Personal information
- Full name: Matthew Nicholas Crampton
- Born: 23 May 1986 (age 40) Manchester, England
- Height: 1.86 m (6 ft 1 in)
- Weight: 82 kg (181 lb; 12.9 st)

Team information
- Current team: Sky Track Cycling
- Discipline: Track
- Role: Rider
- Rider type: Sprinter

Amateur team
- 2006: Sportcity Velo

Professional teams
- 2008: Science in Sport
- 2010–2013: Sky Track Cycling

Medal record
Men's track cycling
Representing Great Britain
World Championships
| Silver medal – second place | 2009 Pruszków | Team sprint |
| Silver medal – second place | 2011 Apeldoorn | Team sprint |
European Championships
| Gold medal – first place | 2011 Apeldoorn | Keirin |
| Silver medal – second place | 2010 Pruszków | Keirin |
| Bronze medal – third place | 2010 Pruszków | Team Sprint |
| Bronze medal – third place | 2012 Panevėžys | Team Sprint |
European Track Championships
| Gold medal – first place | 2004 Valencia | Sprint (Junior) |
| Gold medal – first place | 2004 Valencia | Keirin (Junior) |
Representing England
Commonwealth Games
| Silver medal – second place | 2006 Melbourne | Team sprint |
Commonwealth Youth Games
| Silver medal – second place | 2004 Bendigo | Kilometer Time Trial |
| Silver medal – second place | 2004 Bendigo | Keirin |
| Bronze medal – third place | 2004 Bendigo | Sprint |

= Matthew Crampton =

English cyclist

Matthew "Matt" Nicholas Crampton (born 23 May 1986) is an English former track cyclist for . He was a member of British Cycling's Olympic Podium Programme, and represented Great Britain at a number of major events. Crampton specialised in track sprinting and competed in the individual sprint, team sprint, keirin and kilo events.

==Biography==
Born in Manchester, Crampton won the junior sprint and keirin events at the 2004 European Track Championships. Crampton competed at the Youth Commonwealth Games in Bendigo, Australia in 2004, winning a silver medal in the keirin.

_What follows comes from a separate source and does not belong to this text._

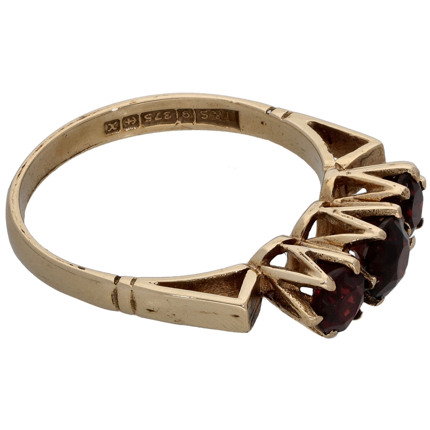 9ct Gold Garnet Three Stone Ring Size M

He went on to take the silver medal as a member of England's Team Sprint squad at the 2006 Commonwealth Games. 2007 saw Crampton take the silver medal in the keirin and bronze in the team sprint at the European Track Championships, this time riding in the under 23 category.

He won a bronze medal in the individual sprint at the first round of the 2008–2009 UCI Track Cycling World Cup Classics at Manchester on 1 November 2008. He also won the Japanese Keirin Association Race the next day.

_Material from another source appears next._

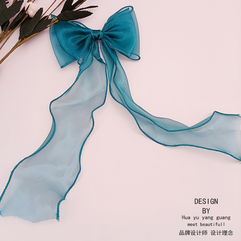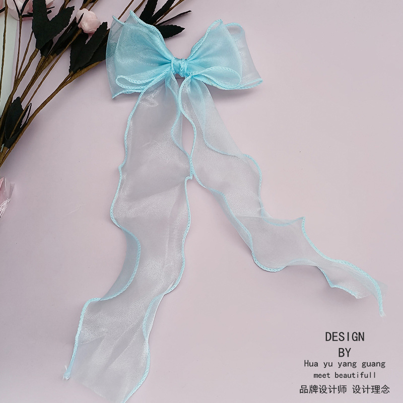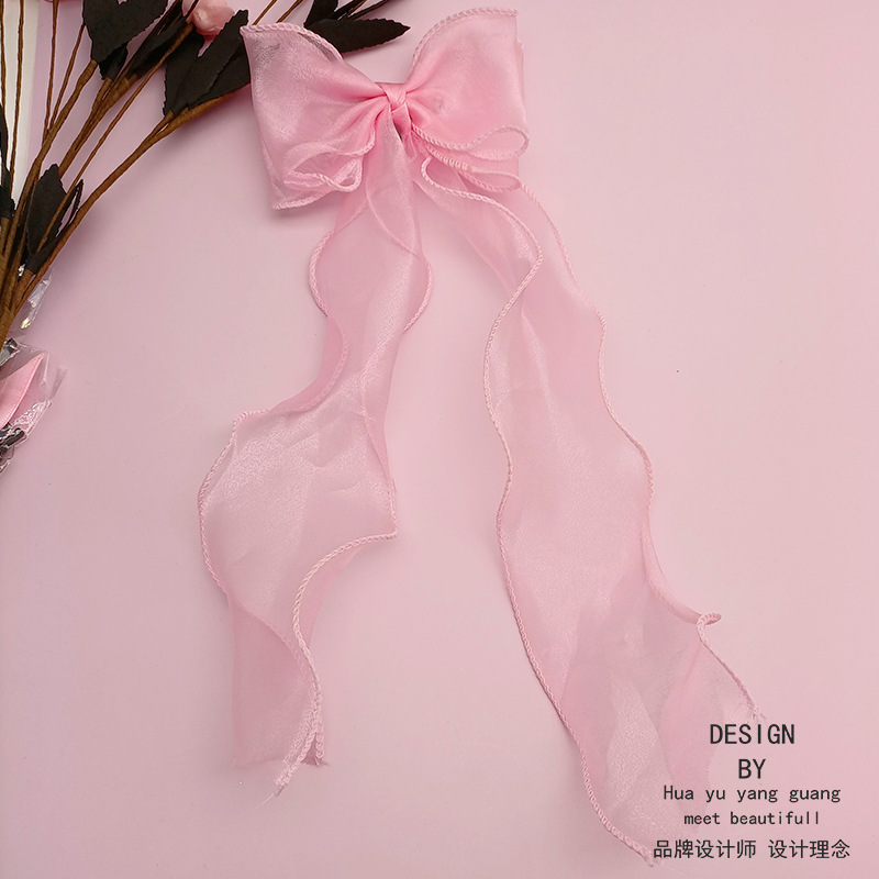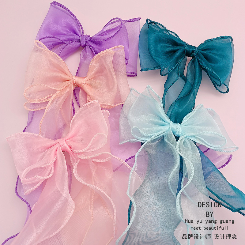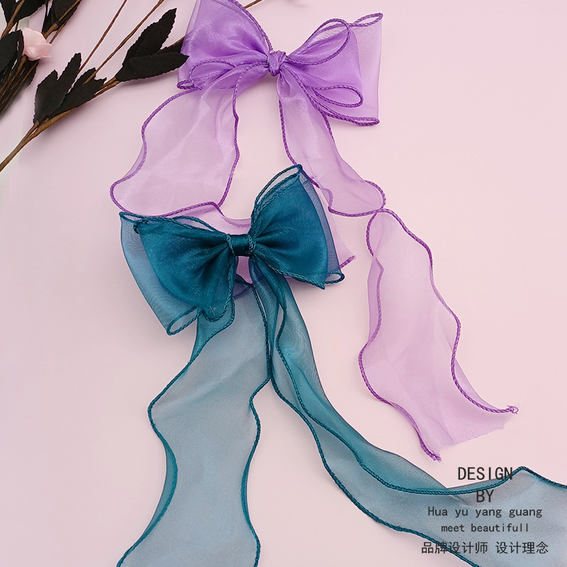 한국 포니 테일 헤어 액세서리 기질 볼 헤어 클립 소녀 긴 리본 활 머리핀 공주 헤어 액세서리스토어 가기

Matthew Crampton versus Craig MacLean in the individual sprint at the 2008 British National Track Championships.

On 15 November 2008 he competed in the Revolution 21 event in Manchester. He won both events he was entered in, the Sprint and the Keirin. Other riders present were Jason Kenny, Ross Edgar and Jamie Staff.

He won silver in the men's team sprint at the 2009 UCI Track Cycling World Championships with teammates Jamie Staff and Jason Kenny. He also won silver in the same event two years later with Chris Hoy and Jason Kenny, after the French squad were stripped of the world title and the British team were promoted from their original bronze medals.

At the 2011 UEC European Track Championships, Crampton won the gold medal in the keirin.

He won gold in keirin and placed second at team sprint in Aguascalientes at 2013–14 UCI Track Cycling World Cup.

In November 2016 Crampton announced his retirement from competition, indicating that he would continue to be involved in the sport as a coach. In 2018 he was appointed Head Coach of the WAIS Cycling Program.

==Family==
He is the older brother of Jessica Crampton.